MARGARET SANGER opens the first birth control clinic in Brooklyn with her sister ETHYL BRYNE and FANIA MANDELL. The opening is publicized through the distribution of 5,000 leaflets printed in English, Italian and Yiddish. In 1914, when she was accused of distributing birth control literature, she was sentenced to one month in jail. She then traveled to Europe to learn more about birth control methods, and came back with information about condoms and pessaries. One month after its opening, the clinic is raided and Sanger is jailed for 30 days. She will found the Birth Control League, publish the Birth Control Review and spend the rest of her life challenging the laws against the dissemination of birth control information, which classifies it as obscene. In spite of continued harassment, public opinion changes and in 1936, the Comstock Law of 1873 is modified allowing physicians to give birth control information for the “cure or prevention of disease.” In 1942, the American Birth Control League will become the Planned Parenthood Federation of America.
JEANETTE RANKIN of Montana , 36, becomes the first woman elected to Congress, four years before the 19th Amendment gives any woman the right to vote for her. She will serve two terms, one from 1917 to 1919 and again from 1941 to 1943. An ardent pacifist, these two terms give her the unique distinction of voting against American involvement in both world wars. In 1968, at age 87, she led a march to Washington, D.C. to protest the Vietnam War.

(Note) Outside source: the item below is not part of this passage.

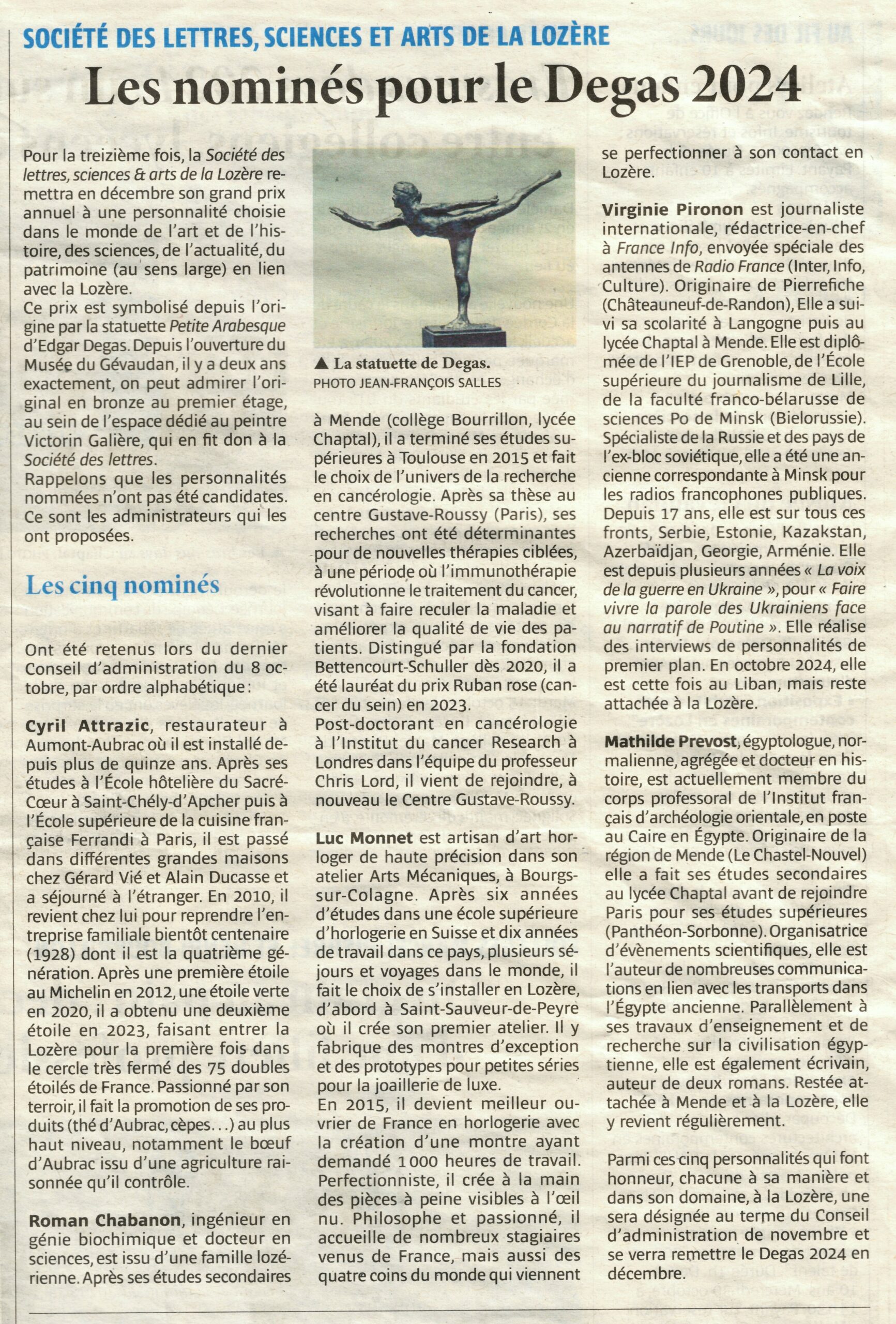 Presse Lozère Nouvelle du 24 octobre 2024 Les nominés pour le Degas 2024 Vous aimerez peut-être également Midi Libre du 7 septembre 2022 Midi Libre du 23 octobre 2021 Midi Libre du 13 août 2021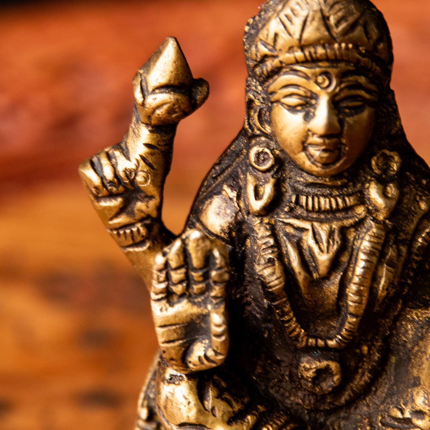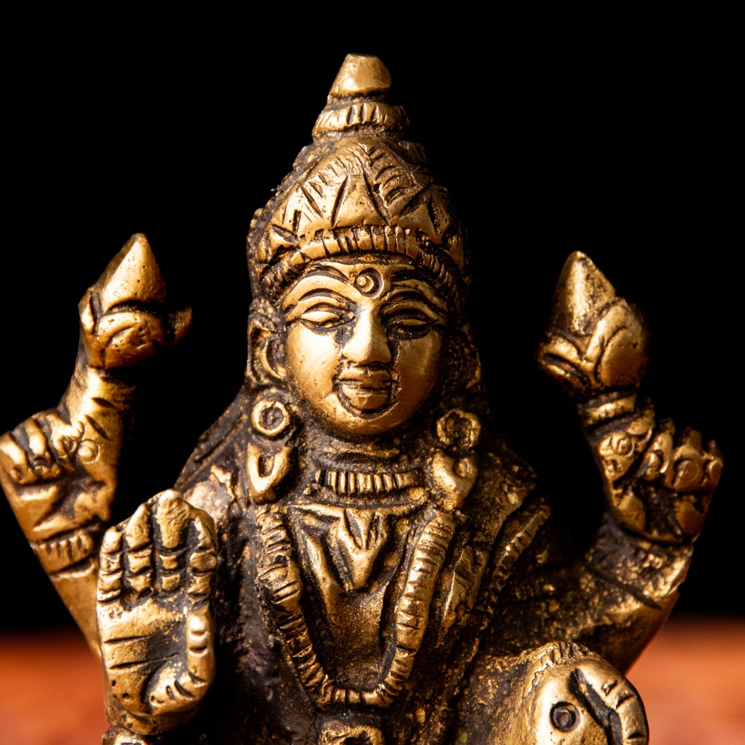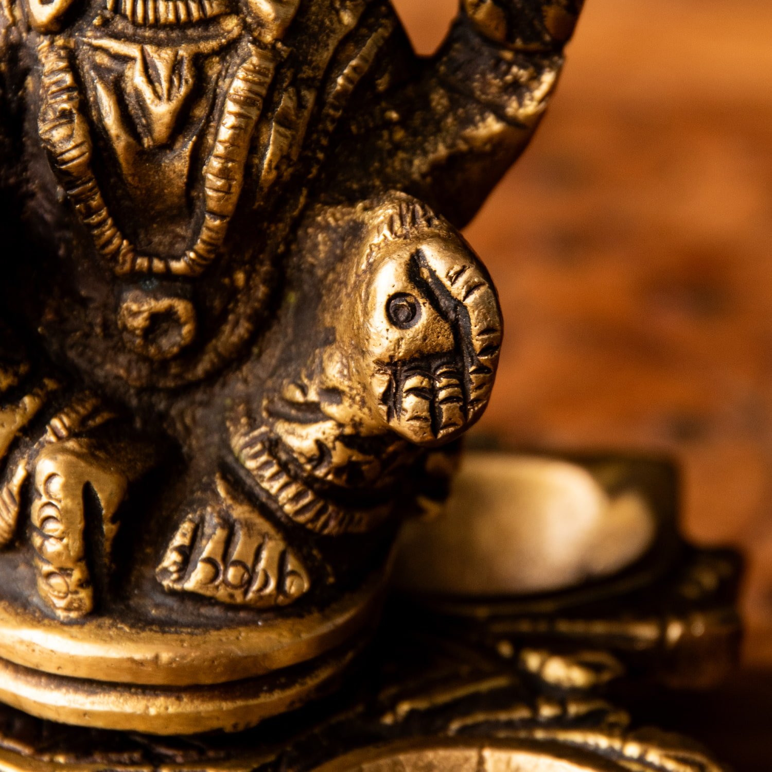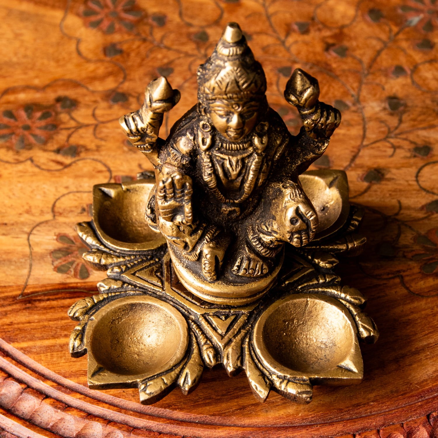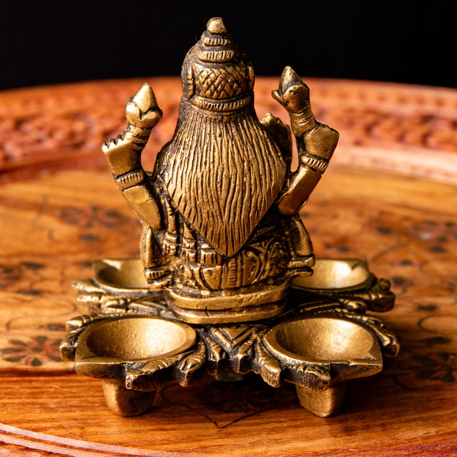 ヴィシュヌ神に甲斐甲斐しく寄り添い、赤や緑などの華やかな色合いのサリーを身に着けたラクシュミー。光の祭典として知られる北インドのディワリ祭では、家中を綺麗に清めて灯明やお菓子で満たし、ラクシュミーが1年の幸福を携えてやって来ることを願います。ラクシュミーの乗り物は一説にはフクロウとされており、ディワリ祭の夜には家々を回って幸せを授けていくのだそうです。古来より仏像製作に使われてきたブラス製で作られているため、実際の重量より重厚感を感じられます。またあまり幅を取らないので、お好きな所に置くことができます。ブラスの鈍い輝きと細かく彫刻された細工にきっとご満足いただけると思います。

ZAWDITU rules as empress of Ethiopia from 1916 to 1928; during her rule, slavery is abolished.

HETTY GREEN, known as the Witch of Wall Street, dies at age 80 leaving an estate of more the $100 million that has made her the richest woman in America. She inherited $10 million when she was 29 from her father and kept her finances separate from those of her late husband Edward H. Green. Through shrewd stock investments, she multiplied her fortune but lived as a pauper in a small Hoboken apartment that she occupied since 1895. Her son lost his leg because she would not hire a physician to treat him.